Note 5 – Accounting for Stock-Based Compensation

Restricted Stock

In the three-month period ended August 31, 2022, as part of our annual long-term stock incentive compensation, we granted 74,660 shares of performance-based restricted stock and 93,450 shares of time-based restricted stock to eligible employees. The grant date fair value per share for these shares was $41.88 (the closing price per share of our common stock on the grant date). We also granted 28,314 shares of time-based restricted stock to members of the Board of Directors with a grant date fair value per share of $48.56 (the closing price per share of our common stock on the grant date).

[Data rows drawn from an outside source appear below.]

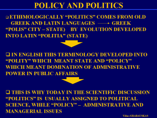 INTERNATIONAL WORDS DESCRIBES "POLITICS" AS STATE MANAGEMENT ART, AS THEORY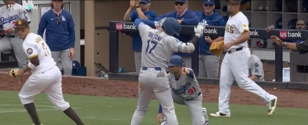 ドジャースの大谷翔平投手はパドレス戦に「1番・DH」で先発出場。第5打席でダメ押し点の口火を切るスリーベースヒットを放ったが、三塁到達時に足首を痛めたようなしぐさを見せたことで騒然となった。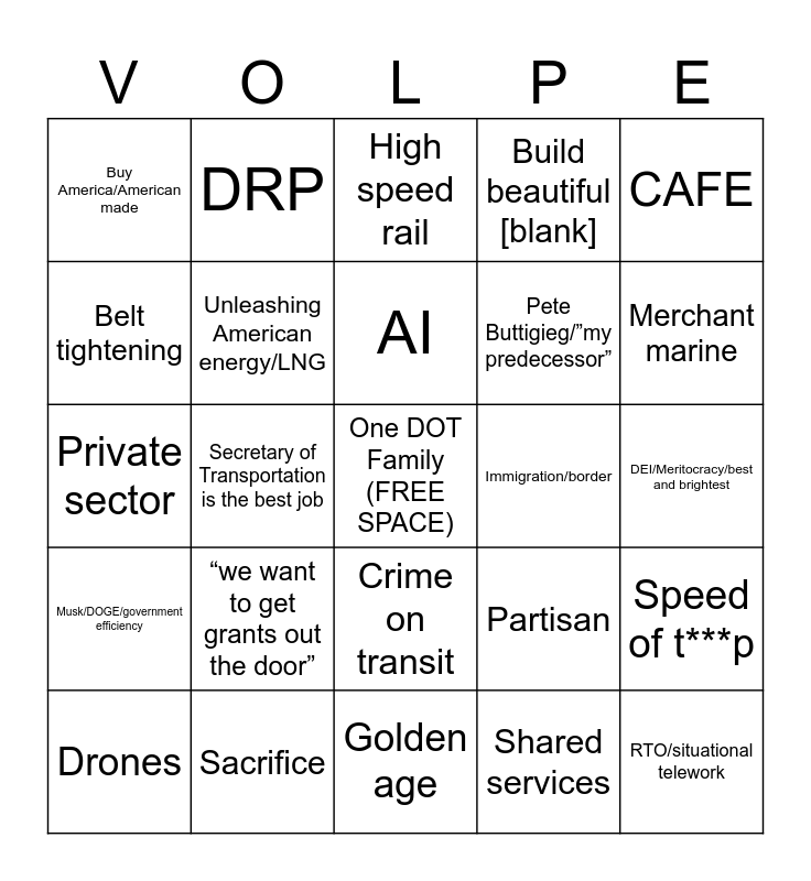This bingo card has a free space and 37 words: Dress code/Flip flops/suits, Marriage, birth, child, Air safety/traffic control, Unleashing American energy/LNG, Speed of t***p, “we want to get grants out the door”, AI, Automation, CAFE, Vehicle prices/manufacturing, Secretary of Transportation is the best job, Build beautiful [blank], RTO/situational telework, DEI/Meritocracy/best and brightest, Belt tightening, Musk/DOGE/government efficiency, Congestion pricing, High speed rail, Crime on transit, Immigration/border, Buy America/American made, Merchant marine, Drones, Golden age, Tariffs, Shared services, DRP, RIF, Other government agencies bossing around DOT/Volpe (e.g., GSA & OPM), Volpe, White House and its inhabitants, Sacrifice, Private sector, Highway trust fund/Reauthorization, Partisan, Pete Buttigieg/”my predecessor” and Fox News.

Expense charged to operations for restricted stock during each of the three-month periods ended February 28, 2023 and 2022 was $2.6 million and $0.2 million, respectively, and $7.5 million and $2.9 million during the nine-month periods ended February 28, 2023 and 2022, respectively.

Stock Options

In July 2022, as part of our annual long-term stock incentive compensation, we granted 221,900 stock options to eligible employees at an exercise price per share of $41.88 and grant date fair value per share of $17.61. The fair value of stock options was estimated using the Black-Scholes option pricing model with the following assumptions:

Risk-free interest rate

    

3.1

%

Expected volatility of common stock

 

42.2

%

Dividend yield

 

0.0

%

Expected option term in years

 

5.2

The total intrinsic value of stock options exercised during the nine-month periods ended February 28, 2023 and 2022 was $8.6 million and $4.3 million, respectively. Expense charged to operations for stock options during the three-month periods ended February 28, 2023 and 2022 was $0.9 million and $0.8 million, respectively, and during the nine-month periods ended February 28, 2023 and 2022 was $2.9 million and $2.9 million, respectively.